The key to a concise weekly report is writing only one item per line -- don't cram multiple things into a single line. Your boss can grasp the highlights at a glance.

Three Common Mistakes

Mistake 1: Listing actions instead of results. "Made 30 calls this week, met 5 customers" -- these are actions, not results. What your boss cares about is: how many qualified leads did those 30 calls generate? What stage did the 5 customers advance to?

Mistake 2: Only reporting good news. Only writing about deals signed, not deals lost. Losing deals isn't the problem -- the problem is your boss not knowing about lost deals until month-end when the revenue gap surfaces. By then, it's too late.

Mistake 3: No next-step plan. The purpose of a weekly report is to let your boss know what you plan to do next week and what support you need.

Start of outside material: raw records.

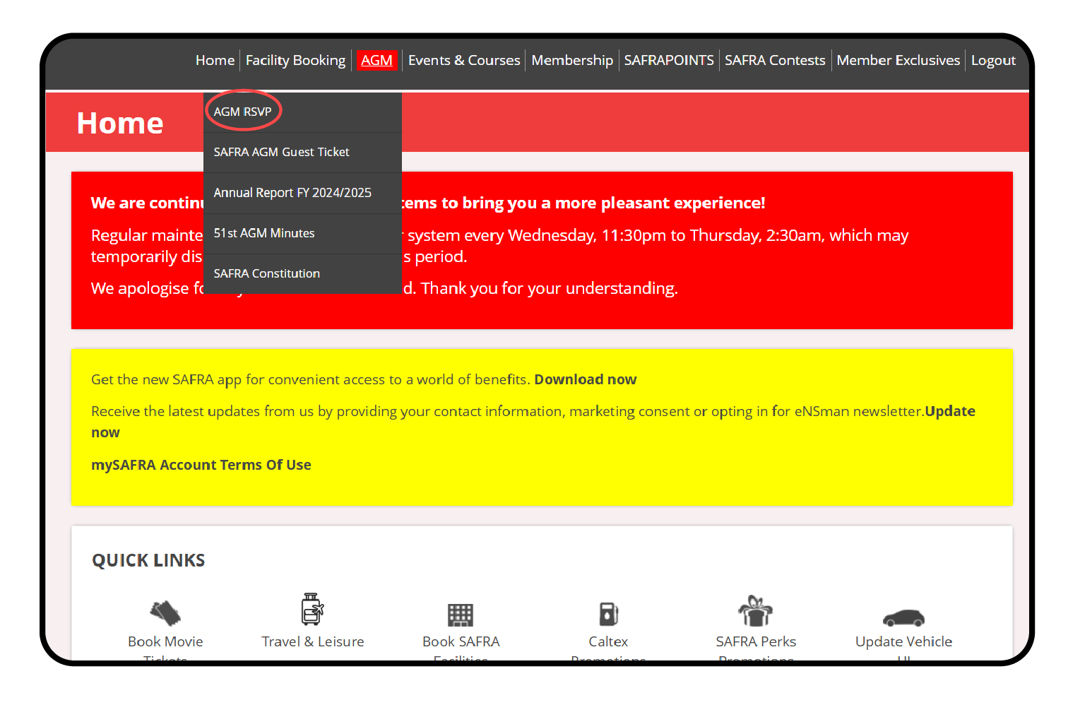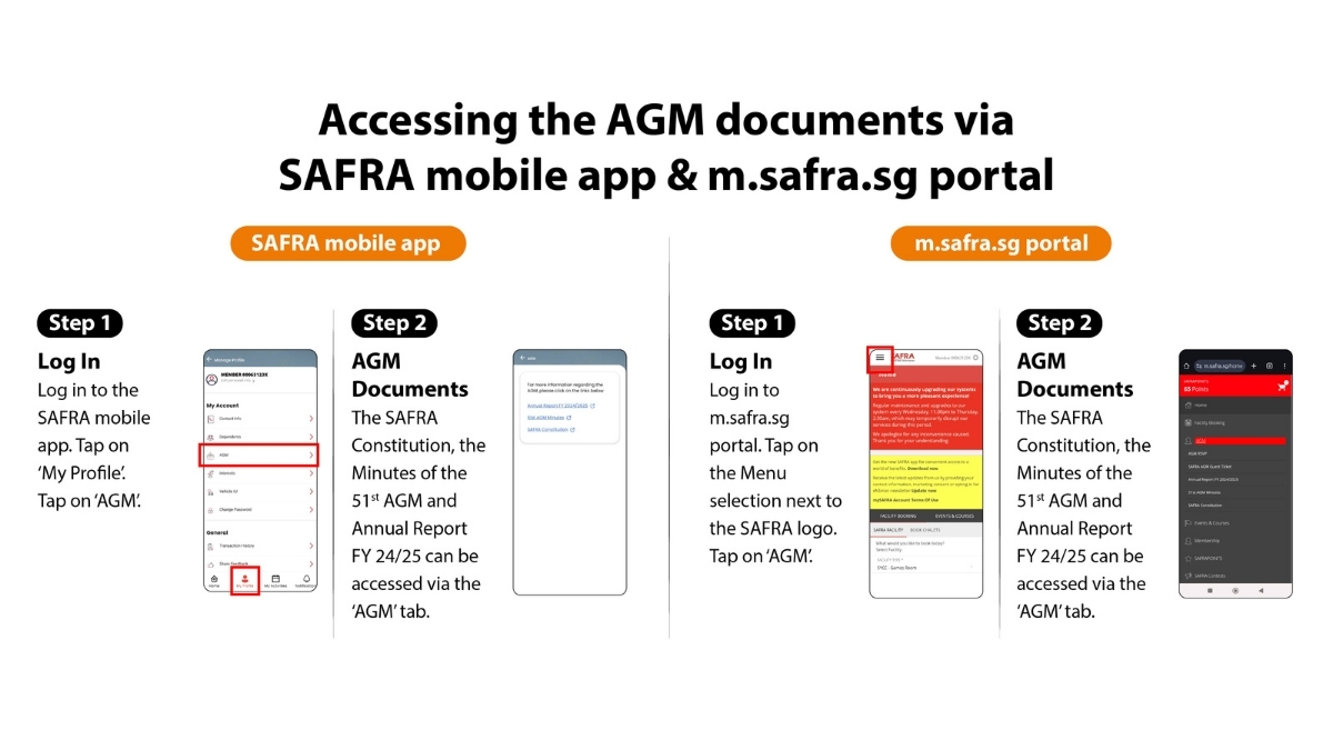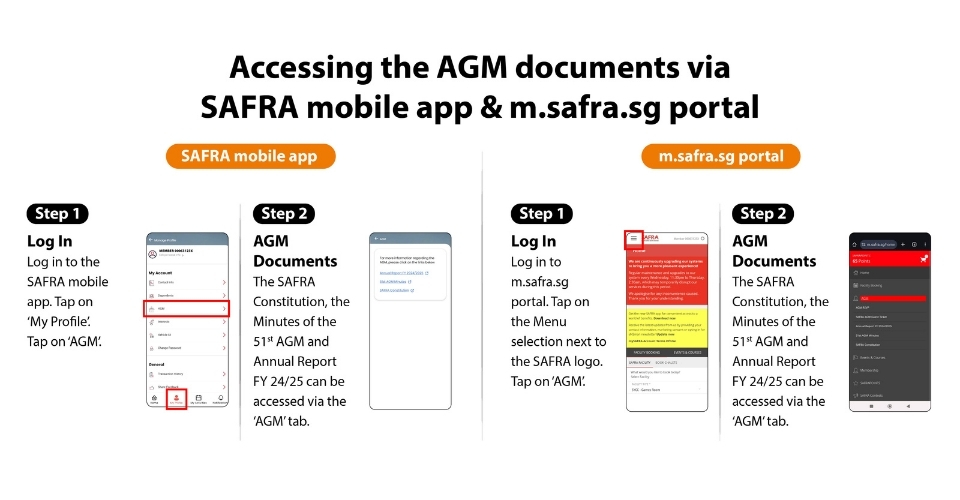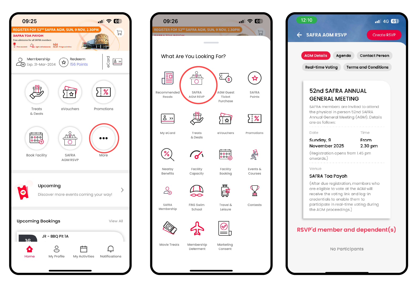 Register now by logging into your SAFRA account via the SAFRA mobile app or m.safra.sg portal under the ‘AGM RSVP’ tab, as seen in the screenshots below.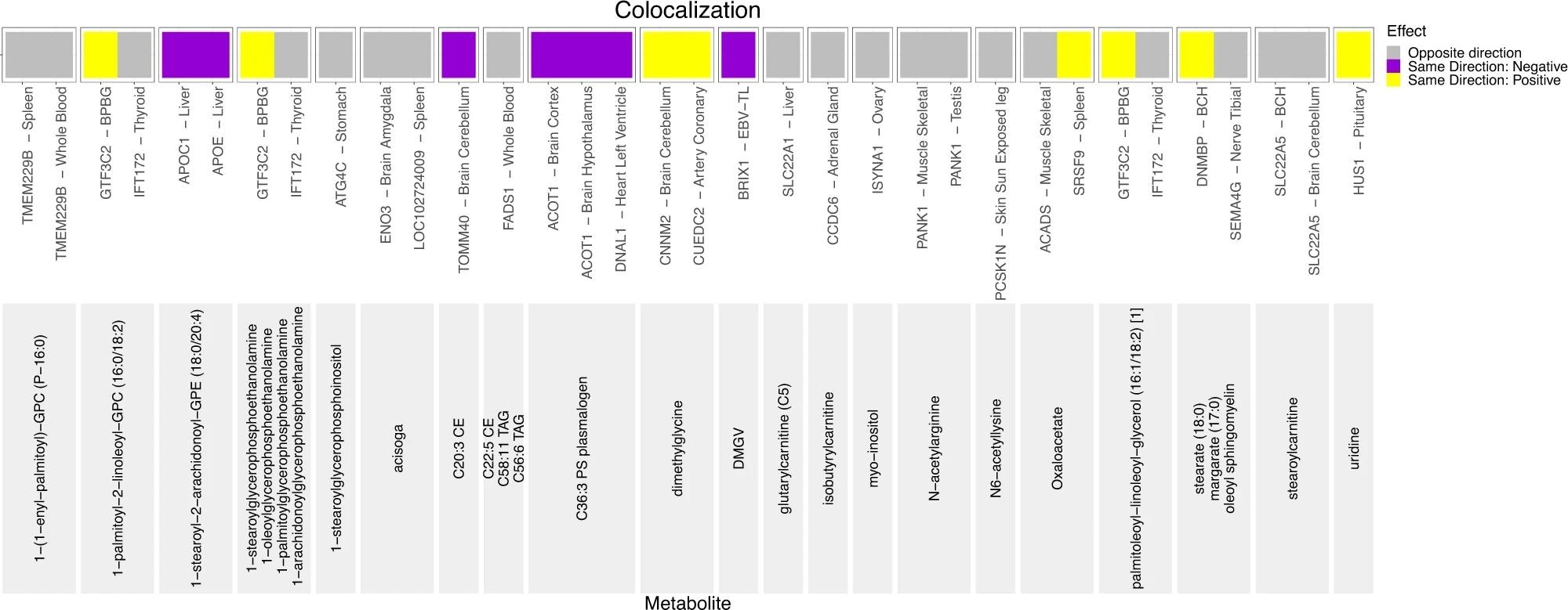 The direction of the effect of minor allele on metabolite levels and gene expression is shown in the legend. At the bottom of the graph, in light gray, are the names of the metabolites. Above the names of metabolites are eQTL gene-tissue pairs. If both the effect of minor allele on metabolite levels and on gene expression is more than 0, such variant-metabolite-gene eQTL combinations are marked in yellow and annotated as “Same Direction: Positive”. If the effect of minor allele on metabolite levels and on gene expression is less than zero, such variant-metabolite-gene eQTL combinations are marked in purple and annotated as “Same Direction: Negative.” If the effect of minor allele on metabolite levels is less than zero and the effect of minor allele on gene expression is more than zero, or vice versa, such variant-metabolite-eQTL combinations are marked in gray and annotated as “Opposite Direction”. Additionally, the following acronyms were used for tissues: BPBG brain putamen basal ganglia, BCH brain cerebellar hemisphere, EBV-TL - Cells EBV-transformed lymphocytes.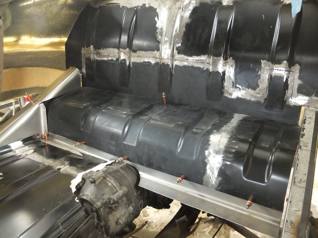 golvet över växellådan är ju inte speciellt bärande... Bockade mha ett 30mm rör som jag la i min 1 meters kantbock (gammal gjutjärns LUNA ) och med det fick runda bockar som ser mer tilltalande ut.. även ett 2.5 tum stålrör användes för några radier.. satte ihop plåtarna med "clekkos" vilket är tillfälliga nitar.. mycket smidigt..

If there's only a retrospective with no plan, the weekly report becomes a diary and loses its management value.

Let Tools Auto-Generate Your Weekly Report

If you use Tuji to record daily customer follow-ups, communication logs, and signing progress, most of the weekly report data can be auto-aggregated: new customers this week, follow-up count, signed amounts, current status of each customer -- the system has already tracked it all. You just need to add your analysis and plans.

Writing a weekly report shouldn't be the most painful part of your week -- it should be a tool for managing your own business. Pick the right template, use the right tools, and get it done in 10 minutes.